Search code examples
postgresqlpg-dumppg-restore

Restoring DB using psql faster than pg_restore?


I'm trying to speed up the process of dumping and restoring databases. At the moment, we do pg_dump --no-privileges --no-owner -w source_db | psql target_db (the DB is created before this). I read that the custom format is preferable, and I expected a binary format to be faster than a textual representation.

First test

hyperfine --prepare './drop_db.sh target_db ; ./create_db.sh target_db' --runs=3  -i --export-markdown report.md \
'pg_dump --no-privileges --format=custom source_db | pg_restore --dbname=target_db' \
'pg_dump --no-privileges --no-owner -w source_db | psql target_db'
Command Mean [s] Min [s] Max [s] Relative Resources
pg_dump --no-privileges --format=custom source_db | pg_restore --dbname=target_db 693.527 ± 5.741 688.635 699.848 1.03 ± 0.03 User: 165.459 s, System: 18.331 s
pg_dump --no-privileges --no-owner -w source_db | psql target_db 673.223 ± 8.535 663.433 679.100 1.00 User: 12.348 s, System: 25.697 s

→ psql is 20 s faster

Compression

I tested with different levels of compression because I read that compression is slow.

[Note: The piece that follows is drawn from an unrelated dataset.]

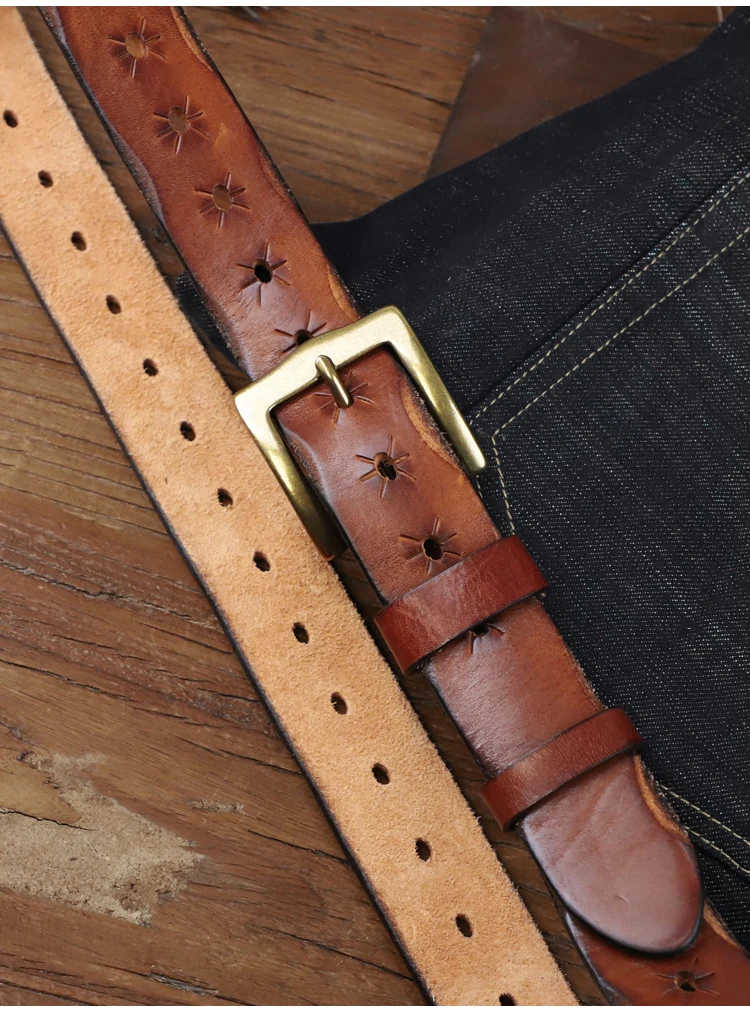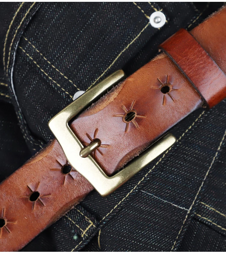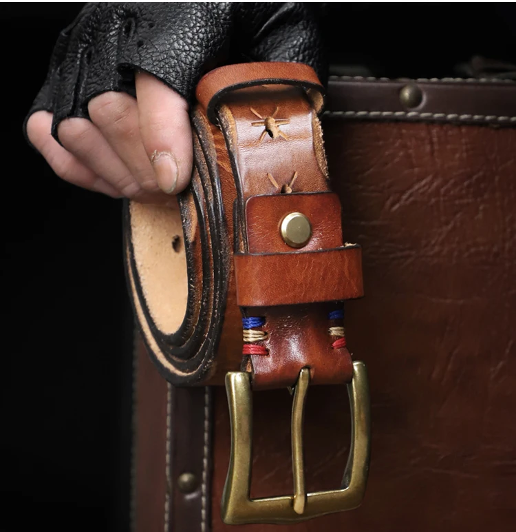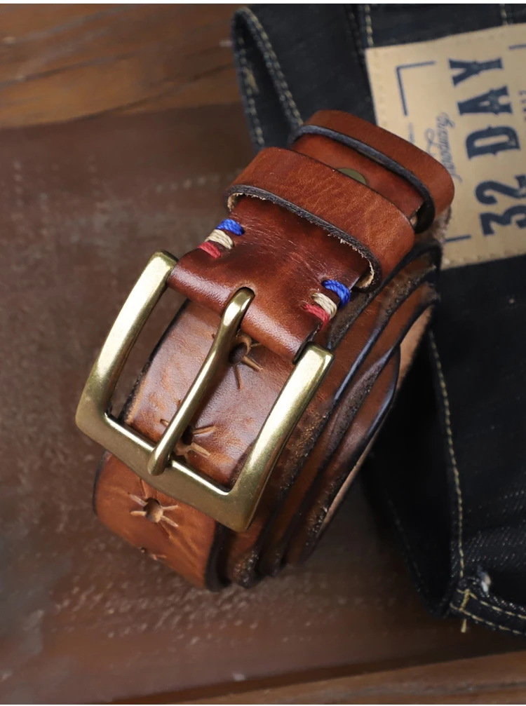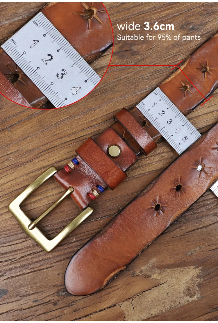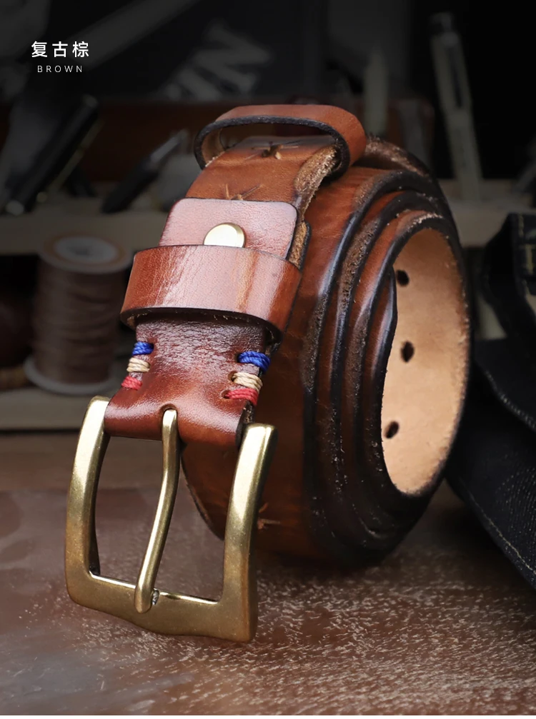 復古植鞣革牛皮帶 素色針扣腰帶 36mm寬男士休閒

hyperfine --prepare './drop_db.sh target_db ; ./create_db.sh target_db' --runs=3  -i --export-markdown report.md \
'pg_dump --compress=0 --no-privileges --format=custom source_db | pg_restore --dbname=target_db' \
'pg_dump --compress=1 --no-privileges --format=custom source_db | pg_restore --dbname=target_db' \
'pg_dump --compress=5 --no-privileges --format=custom source_db | pg_restore --dbname=target_db' \
'pg_dump --no-privileges --no-owner -w source_db | psql target_db'
Command Mean [s] Min [s] Max [s] Relative Resources
pg_dump --compress=0 --no-privileges --format=custom source_db | pg_restore --dbname=target_db 702.692 ± 6.316 698.376 709.942 1.05 ± 0.03 User: 18.090 s, System: 28.934 s
pg_dump --compress=1 --no-privileges --format=custom source_db | pg_restore --dbname=target_db 672.341 ± 15.539 655.448 686.025 1.00 User: 89.223 s, System: 21.904 s
pg_dump --compress=5 --no-privileges --format=custom source_db | pg_restore --dbname=target_db 693.527 ± 5.741 688.635 699.848 1.03 ± 0.03 User: 165.459 s, System: 18.331 s
pg_dump --no-privileges --no-owner -w source_db | psql target_db 673.223 ± 8.535 663.433 679.100 1.00 ± 0.03 User: 12.348 s, System: 25.697 s

→ same performance in the best case

Dump / restore separated

As asked by @Bergi and @Nick I measured dumping and restoring separately.

Only dumping

hyperfine --runs=3 -i --export-markdown report.md \
'pg_dump --compress=0 --no-privileges --format=custom source_db > ./1' \
'pg_dump --compress=1 --no-privileges --format=custom source_db > ./2' \
'pg_dump --no-privileges --no-owner -w source_db > ./3'
Command Mean [s] Min [s] Max [s] Relative
pg_dump --compress=0 --no-privileges --format=custom source_db > ./1 77.648 ± 8.720 71.724 87.660 1.09 ± 0.12
pg_dump --compress=1 --no-privileges --format=custom source_db > ./2 104.646 ± 0.911 103.804 105.614 1.47 ± 0.02
pg_dump --no-privileges --no-owner -w source_db > ./3 71.412 ± 1.037 70.321 72.385 1.00

→ psql is 7s s faster

Only restoring

hyperfine --prepare './drop_db.sh target_db ; ./create_db.sh target_db' --runs=3  -i --export-markdown report.md \
'cat ./1 | pg_restore --dbname=target_db' \
'cat ./2 | pg_restore --dbname=target_db' \
'cat ./3 | psql target_db'
Command Mean [s] Min [s] Max [s] Relative
cat ./1 | pg_restore --dbname=target_db 658.715 ± 24.712 637.183 685.697 1.11 ± 0.04
cat ./2 | pg_restore --dbname=target_db 591.001 ± 8.025 582.334 598.172 1.00
cat ./3 | psql target_db 691.756 ± 15.320 680.285 709.154 1.17 ± 0.03

→ restoring is 10x slower than dumping, but is slower when separated from dumping.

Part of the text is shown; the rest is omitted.